A prime example of this deals with a company called Antares (AIS). This small pharmaceutical company has a business line that focuses on self injection technologies and topical gel-based products. AIS has several agreements but the one we will focus on is the one dealing with the topical gel Anturol for overactive bladders. Currently 33 million adults in the United States suffering from overactive bladders, and that makes for a market that exceeds $1.8 billion, but that is not what AIS is going to get. To get the drug to market, Watson Pharmaceuticals Inc. licensed the potential treatment from Antares. Watson will make a payment to Antares if the Food and Drug Administration approves the drug. Watson will also market the drug and make payments to AIS based on sales. AIS will also get royalties based on sales of the product in the U.S. and Canada. This is just one of many agreements the company has in place. Potential investors would need to analyze each product held by AIS and any agreements that may exist for them. Once again here is where a network might prove useful in helping to share the load.
Insider Buying and Institutional Holders
Another item to look at when deciding on which biotech deserves your investment dollar is who is actually holding and buying shares. Plowing your money into these risky stocks is scary enough, so it is often somewhat reassuring to see that company employees and institutional holders are doing the same. Now it should be mentioned that if your stock has both types of holders, it is by no means any type of guarantee of success. But it could be a lead indicator that they have faith as well and stand to profit from any positive move in the stock price. That being the case though, one has to determine how insiders derived their shares. This can happen lots of different ways from outright buying the shares on the open market to being gifted the shares for nothing. Also companies can hand out options or warrants which can further confuse the process. News on insider buys and sells can be found with the SEC filings and institutional holders also have to file their holdings if they represent enough of a percentage of ownership for the company. Recently, a prime example of this insider buying occurred with a company named ZIOPHARM Oncology Inc. (ZIOP). ZIOPHARM Oncology, Inc., a biopharmaceutical company, focuses on the development and commercialization of in-licensed cancer drugs in North America. An insider for ZIOP recently bought about $4 million worth of stock. If that was not enough there were also past purchases of about $29 million worth of stock back in January and $10.9 million worth of stock in February. By itself, one does not really want to read anything into this but at least it does seem to be one very large vote of confidence.
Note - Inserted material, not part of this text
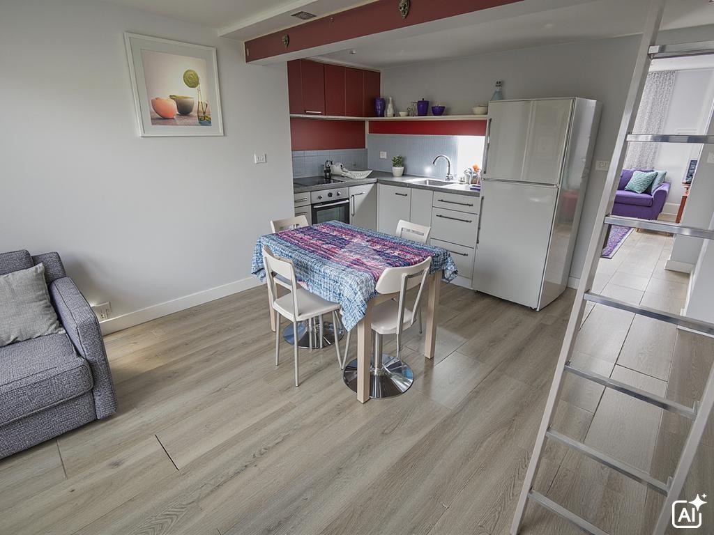 La camera da letto è dotata di armadi a muro, garantendo ampio spazio per i tuoi effetti personali. Il servizio finestrato assicura una buona ventilazione e luce naturale. Un piccolo soppalco nel soggiorno offre un posto letto aggiuntivo, perfetto per ospiti occasionali e un pratico ripostiglio. Inoltre, l'appartamento dispone di un parcheggio privato scoperto.
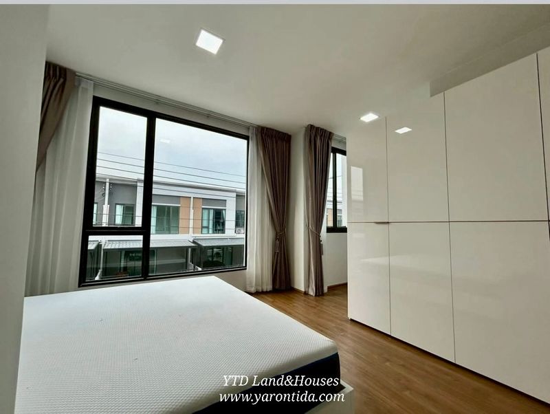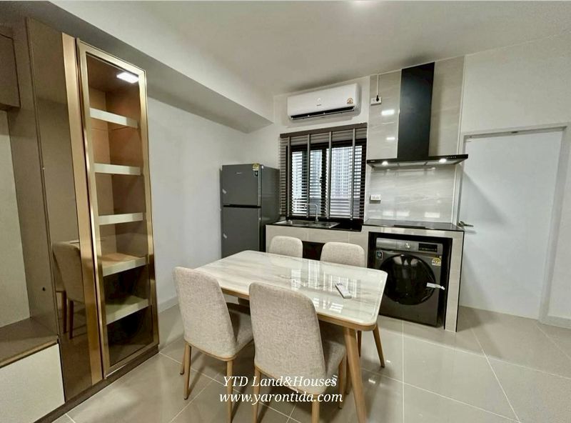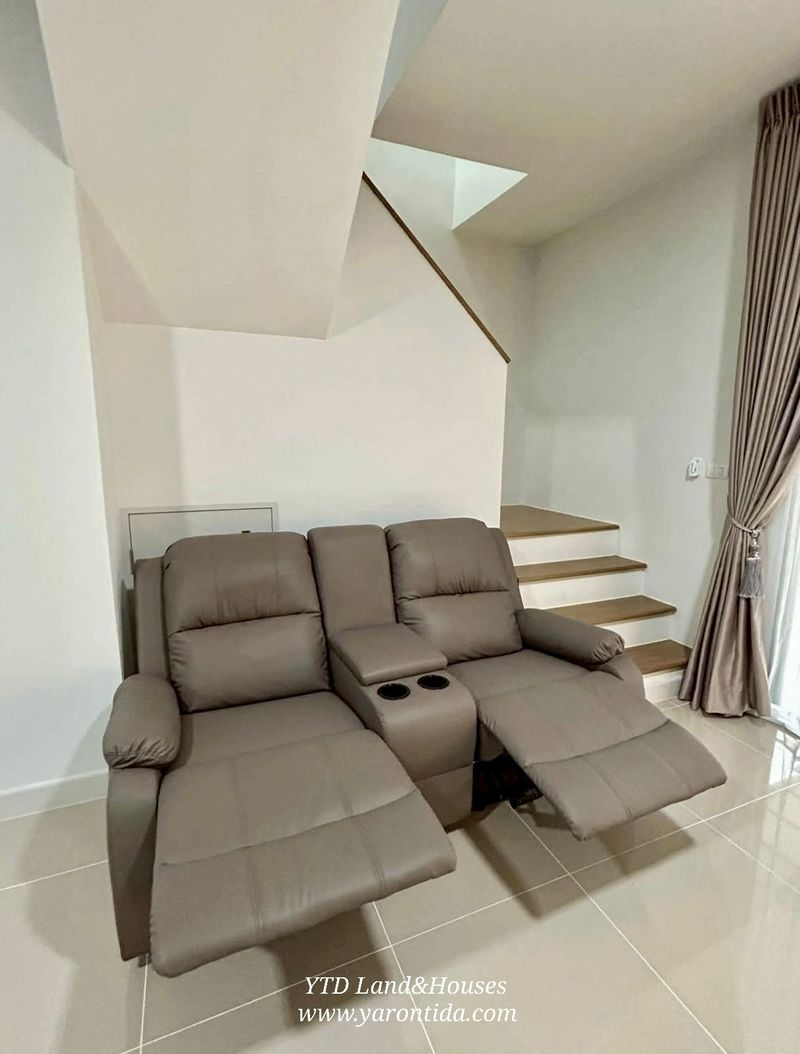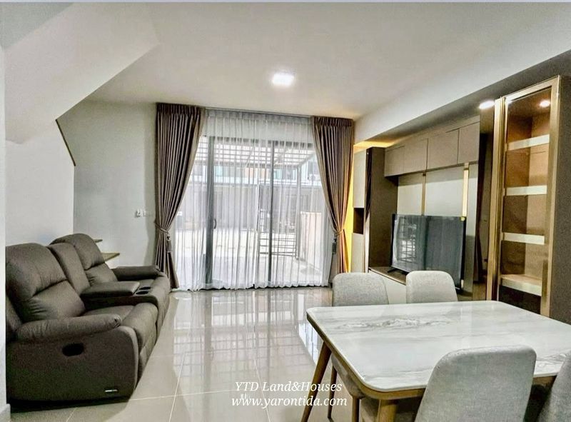 For rent, 2-storey townhouse in the Pleno Sukhumvit-Bangna 2, good location, only 3 minutes from Mega Bangna, fully furnished, house facing north,there is an awning at the front and back of the house , ready to move in.

In conclusion, this is just a start of necessary items to consider when thinking of buying that speculative healthcare stock. For each stock in question there are many other items one must consider. This article was unable to address them all but should at least give the new investor a solid foundation to begin. In the end, anyone buying based upon one article or by a simple recommendation of a friend or acquaintance is just giving their money away.